● PROVIDED DATA
- - -

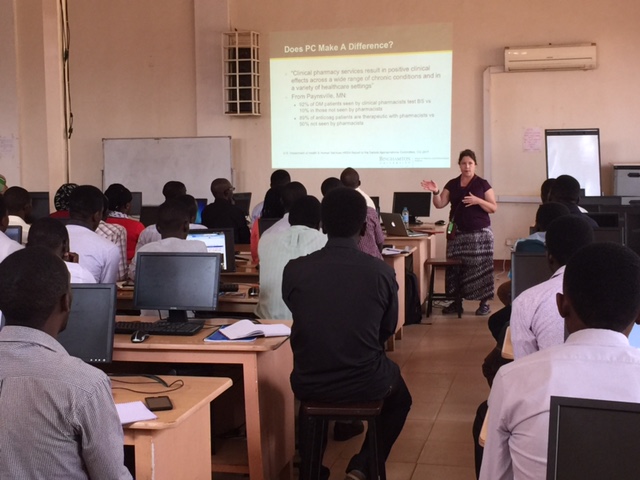 We Americans all split up and took small groups of the 4th year pharmacy students to the different wards. The students had found patients to assess ahead of time and presented them to us. We then worked together to determine the patients drug therapy problems and came up with solutions we could recommend to the Clinicians. At the end we went into a room to debrief the whole experience and this was basically like a verbal reflection of what they had learned. Each student arose and talked about what they learned from the rounds and the whole day’s event. Our time here has definitely been helpful for the MUST students as well as for our own personal growth. Tomorrow we will continue the program with more ward rounds in the morning with the 3rd year students and I will present Grand Rounds to all of the healthcare profession students here at Mbarara Regional Referral Hospital.
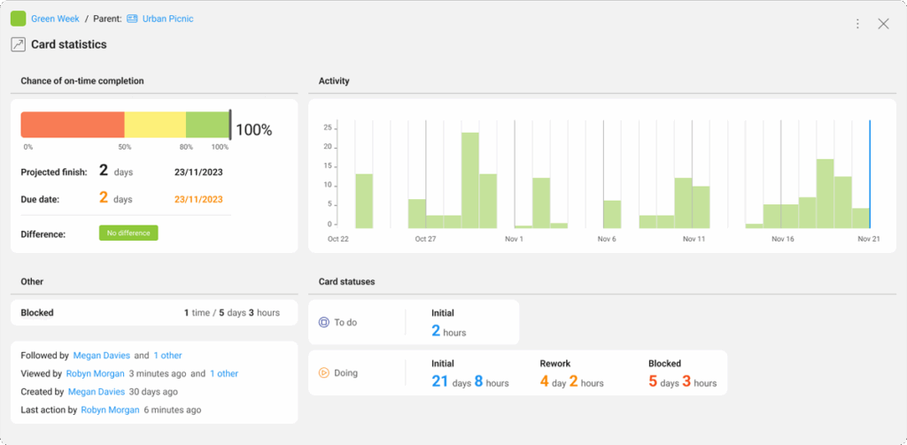The card statistics feature offers a wealth of analytical insights to help users gain a comprehensive understanding of their card realization process. It provides a visual representation of a card’s lifecycle.
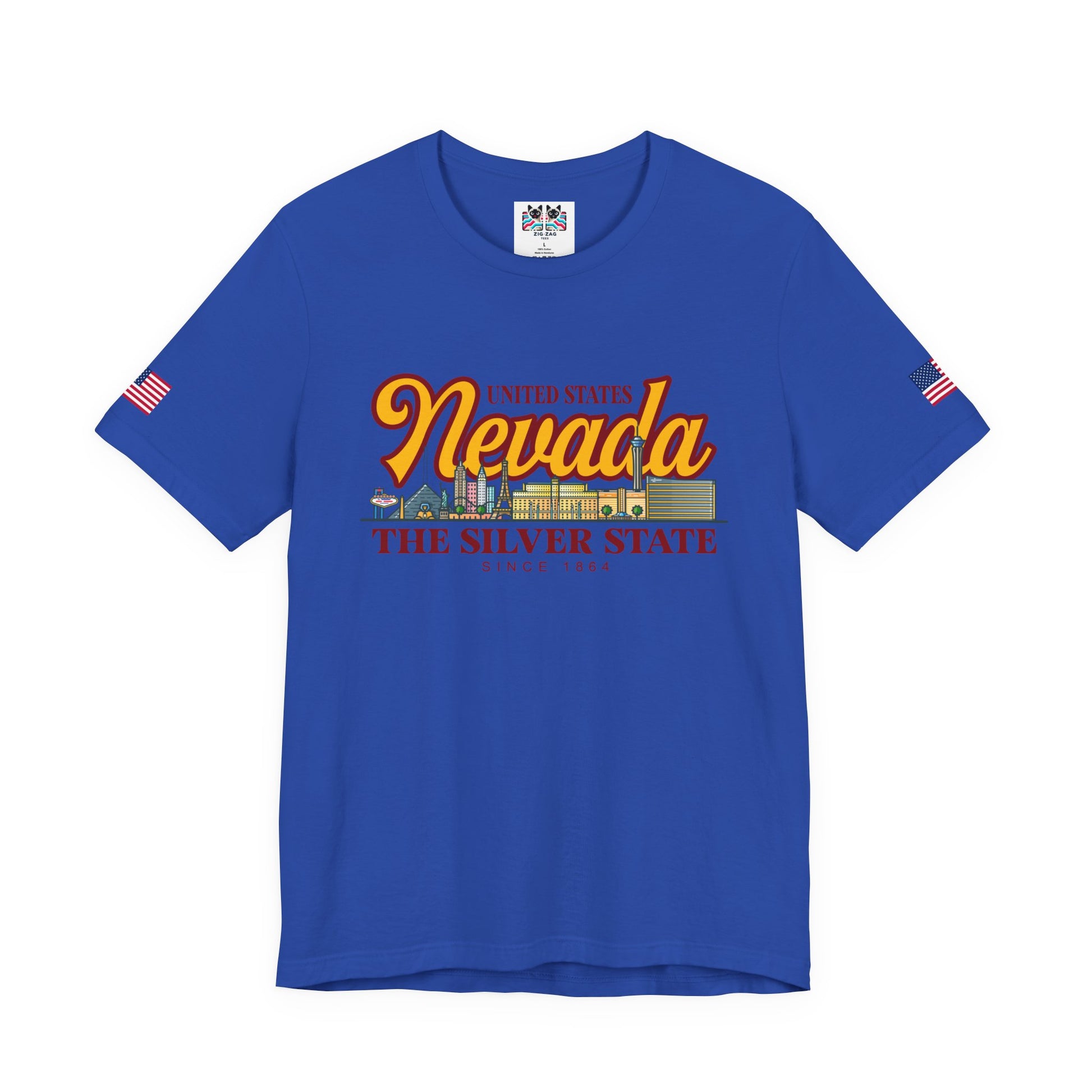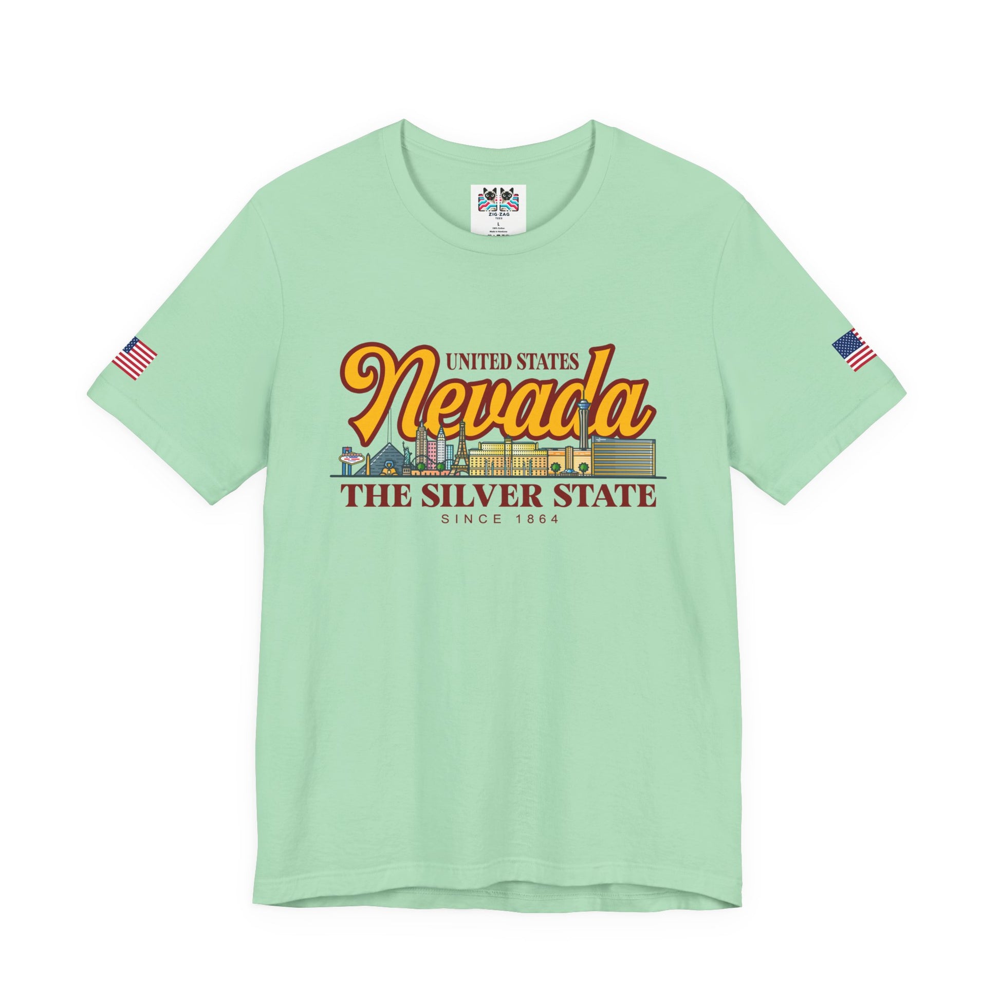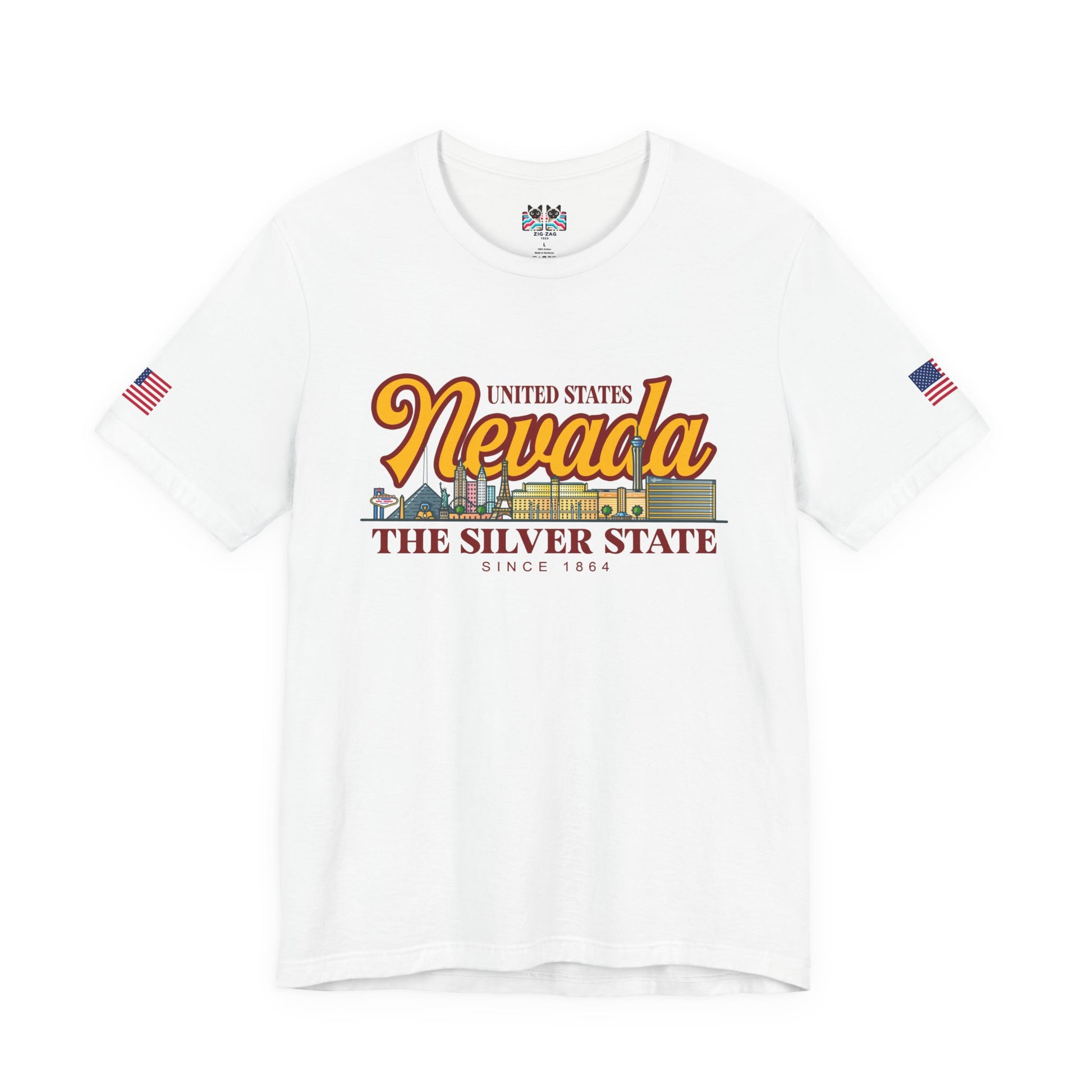 Celebrate the Silver State with this elegant "United States NEVADA - THE SILVER STATE - SINCE 1864" t-shirt featuring a colorful Las Vegas skyline! The design shows Nevada's nickname "The Silver State" (referring to the 1859 silver rush) with casino resorts, the famous welcome sign, and desert landmarks. Nevada became a state on October 31, 1864, during the Civil War. The burgundy script "Nevada" with gold/yellow outline creates a classic, vintage look against the pastel skyline. Las Vegas transformed from a desert railroad town into the entertainment capital of the world. This t-shirt with American flag sleeve patches is perfect for Nevada residents, Las Vegas lovers, Silver State pride, tourists, bachelorette parties, women who love Vegas, or anyone celebrating Nevada's unique history and culture. The feminine pink color makes this ideal for ladies' Vegas trips, girls' weekends, or women who want stylish Nevada pride.

- - -

● HOW TO COMPLETE THIS TASK
Copy each line above exactly. Images do not belong in the copy.

● COMPLETED EXERCISE
 We Americans all split up and took small groups of the 4th year pharmacy students to the different wards. The students had found patients to assess ahead of time and presented them to us. We then worked together to determine the patients drug therapy problems and came up with solutions we could recommend to the Clinicians. At the end we went into a room to debrief the whole experience and this was basically like a verbal reflection of what they had learned. Each student arose and talked about what they learned from the rounds and the whole day’s event. Our time here has definitely been helpful for the MUST students as well as for our own personal growth. Tomorrow we will continue the program with more ward rounds in the morning with the 3rd year students and I will present Grand Rounds to all of the healthcare profession students here at Mbarara Regional Referral Hospital.
The card statistics feature offers a wealth of analytical insights to help users gain a comprehensive understanding of their card realization process. It provides a visual representation of a card’s lifecycle.
 Celebrate the Silver State with this elegant "United States NEVADA - THE SILVER STATE - SINCE 1864" t-shirt featuring a colorful Las Vegas skyline! The design shows Nevada's nickname "The Silver State" (referring to the 1859 silver rush) with casino resorts, the famous welcome sign, and desert landmarks. Nevada became a state on October 31, 1864, during the Civil War. The burgundy script "Nevada" with gold/yellow outline creates a classic, vintage look against the pastel skyline. Las Vegas transformed from a desert railroad town into the entertainment capital of the world. This t-shirt with American flag sleeve patches is perfect for Nevada residents, Las Vegas lovers, Silver State pride, tourists, bachelorette parties, women who love Vegas, or anyone celebrating Nevada's unique history and culture. The feminine pink color makes this ideal for ladies' Vegas trips, girls' weekends, or women who want stylish Nevada pride.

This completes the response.